Cloud SQL Instance Creation

# Create a MySQL instance with HA
gcloud sql instances create my-instance \
  --database-version=MYSQL_8_0 \
  --tier=db-n1-standard-4 \
  --region=us-central1 \
  --availability-type=REGIONAL \
  --backup-start-time=02:00 \
  --enable-bin-log

# Create a database
gcloud sql databases create mydb --instance=my-instance

# Create a user
gcloud sql users create myuser --instance=my-instance --password=SECRET

Cloud SQL editions: Enterprise (default for older MySQL) and Enterprise Plus (default for MySQL 8.4+; adds data cache, near-zero-downtime maintenance).

Networking: Public IP (requires authorized networks) or Private IP (requires VPC private services access). Private IP is recommended for production.

Exam trap: Cloud SQL REGIONAL availability type means HA with a standby in a different zone. ZONAL means single-zone with no automatic failover. If a question asks about database HA, the answer involves --availability-type=REGIONAL.

AlloyDB

AlloyDB is a fully managed, PostgreSQL-compatible database designed for demanding workloads. Key exam-relevant facts:

  • PostgreSQL-compatible: Supports PostgreSQL wire protocol and most extensions
  • HA: Primary instance plus read pool instances; automatic failover
  • Columnar engine: Accelerates analytical queries without separate data warehouse
  • AI integration: Built-in vector search and ML model serving
  • Pricing: Separate compute and storage billing, like Spanner

Loading Data

The exam tests multiple data-loading methods:

Method Use Case Example
gcloud sql import Load SQL dump or CSV into Cloud SQL gcloud sql import sql my-instance gs://bucket/dump.sql --database=mydb
bq load Load data into BigQuery bq load --source_format=CSV dataset.table gs://bucket/data.csv
gsutil cp Upload files to Cloud Storage gsutil cp local-file.csv gs://my-bucket/
Storage Transfer Service Scheduled/recurring transfers from S3, HTTP, other buckets Console or API
Transfer Appliance Petabyte-scale offline transfer Physical device shipped to your location
BigQuery streaming Real-time row inserts bq insert or Pub/Sub -> Dataflow -> BigQuery
Dataflow ETL pipeline (batch or streaming) Apache Beam pipeline deployed to Dataflow

Exam trap: For importing a SQL dump into Cloud SQL, the file must be in Cloud Storage first -- you cannot import directly from a local machine via gcloud. The pattern is: upload to GCS, then gcloud sql import.

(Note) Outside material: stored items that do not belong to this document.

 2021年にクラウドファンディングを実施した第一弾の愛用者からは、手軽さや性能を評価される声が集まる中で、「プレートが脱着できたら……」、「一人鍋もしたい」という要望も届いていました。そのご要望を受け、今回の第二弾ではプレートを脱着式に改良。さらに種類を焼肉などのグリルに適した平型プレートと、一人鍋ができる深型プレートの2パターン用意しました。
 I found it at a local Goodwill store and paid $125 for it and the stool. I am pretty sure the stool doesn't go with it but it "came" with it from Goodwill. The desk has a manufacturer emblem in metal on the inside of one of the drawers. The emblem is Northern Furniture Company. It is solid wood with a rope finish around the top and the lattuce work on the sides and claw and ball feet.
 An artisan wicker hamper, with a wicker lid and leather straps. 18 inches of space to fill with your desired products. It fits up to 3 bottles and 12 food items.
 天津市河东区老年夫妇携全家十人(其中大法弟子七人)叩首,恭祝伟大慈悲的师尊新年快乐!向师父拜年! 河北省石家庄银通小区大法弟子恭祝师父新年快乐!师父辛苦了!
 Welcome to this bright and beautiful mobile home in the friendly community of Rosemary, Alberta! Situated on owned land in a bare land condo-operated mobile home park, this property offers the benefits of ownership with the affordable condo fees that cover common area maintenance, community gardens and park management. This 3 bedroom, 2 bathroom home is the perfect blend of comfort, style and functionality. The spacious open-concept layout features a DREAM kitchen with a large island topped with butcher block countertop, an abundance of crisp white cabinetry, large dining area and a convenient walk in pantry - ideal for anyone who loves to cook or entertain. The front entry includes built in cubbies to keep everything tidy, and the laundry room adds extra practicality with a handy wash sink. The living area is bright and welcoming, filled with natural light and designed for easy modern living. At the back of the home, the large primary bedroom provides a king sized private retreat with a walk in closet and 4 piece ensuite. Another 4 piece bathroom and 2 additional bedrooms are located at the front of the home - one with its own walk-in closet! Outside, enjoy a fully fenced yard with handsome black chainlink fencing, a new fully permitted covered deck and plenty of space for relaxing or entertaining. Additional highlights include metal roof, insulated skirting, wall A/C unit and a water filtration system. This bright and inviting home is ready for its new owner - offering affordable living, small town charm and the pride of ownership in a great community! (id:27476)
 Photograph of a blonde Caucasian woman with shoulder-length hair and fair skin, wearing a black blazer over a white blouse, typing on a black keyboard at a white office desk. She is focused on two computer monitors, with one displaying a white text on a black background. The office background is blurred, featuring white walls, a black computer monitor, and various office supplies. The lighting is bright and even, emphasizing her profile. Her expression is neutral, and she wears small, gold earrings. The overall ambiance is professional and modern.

3.5 Deploying and Implementing Networking Resources

VPC Networks

A VPC network is a global resource that provides networking for Compute Engine, GKE, and other services. VPC networks contain subnets (regional resources) and are isolated by default.

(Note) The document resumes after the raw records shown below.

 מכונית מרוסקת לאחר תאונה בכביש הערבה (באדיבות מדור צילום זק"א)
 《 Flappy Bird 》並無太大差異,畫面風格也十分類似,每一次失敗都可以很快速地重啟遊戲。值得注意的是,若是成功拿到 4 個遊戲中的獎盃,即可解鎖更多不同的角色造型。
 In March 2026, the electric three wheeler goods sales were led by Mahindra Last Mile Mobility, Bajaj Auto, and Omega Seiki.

Auto Mode vs. Custom Mode:

Feature Auto Mode Custom Mode
Subnet creation One per region, automatic Manual only
IP range Predefined within 10.128.0.0/9 User-defined
New regions Subnet auto-created Must add manually
IPv6 support No Yes
Conversion Can convert to custom (one-way) Cannot revert to auto
Use case Quick prototyping, simple setups Production (recommended)
# Create a custom-mode VPC
gcloud compute networks create my-vpc --subnet-mode=custom

# Create a subnet
gcloud compute networks subnets create my-subnet \
  --network=my-vpc \
  --region=us-central1 \
  --range=10.0.1.0/24

Default network: Every new project gets an auto-mode VPC named default with pre-populated firewall rules. Disable with organization policy compute.skipDefaultNetworkCreation.

Implied firewall rules (cannot be deleted):

Rule Direction Action Priority
Implied deny ingress Ingress Deny all 65535 (lowest)
Implied allow egress Egress Allow all 65535 (lowest)

These are always present. The default network adds permissive rules on top (e.g., default-allow-internal, default-allow-ssh, default-allow-rdp, default-allow-icmp).

Key VPC concepts:

  • Subnets are regional (not zonal), but VPC networks and firewall rules are global
  • Four reserved IPs per primary subnet range (network, gateway, two Google-reserved)
  • Private Google Access: Allows VMs without external IPs to reach Google APIs. Enable per-subnet.
  • VPC Flow Logs: Capture network flow data for monitoring and forensics. Enable per-subnet.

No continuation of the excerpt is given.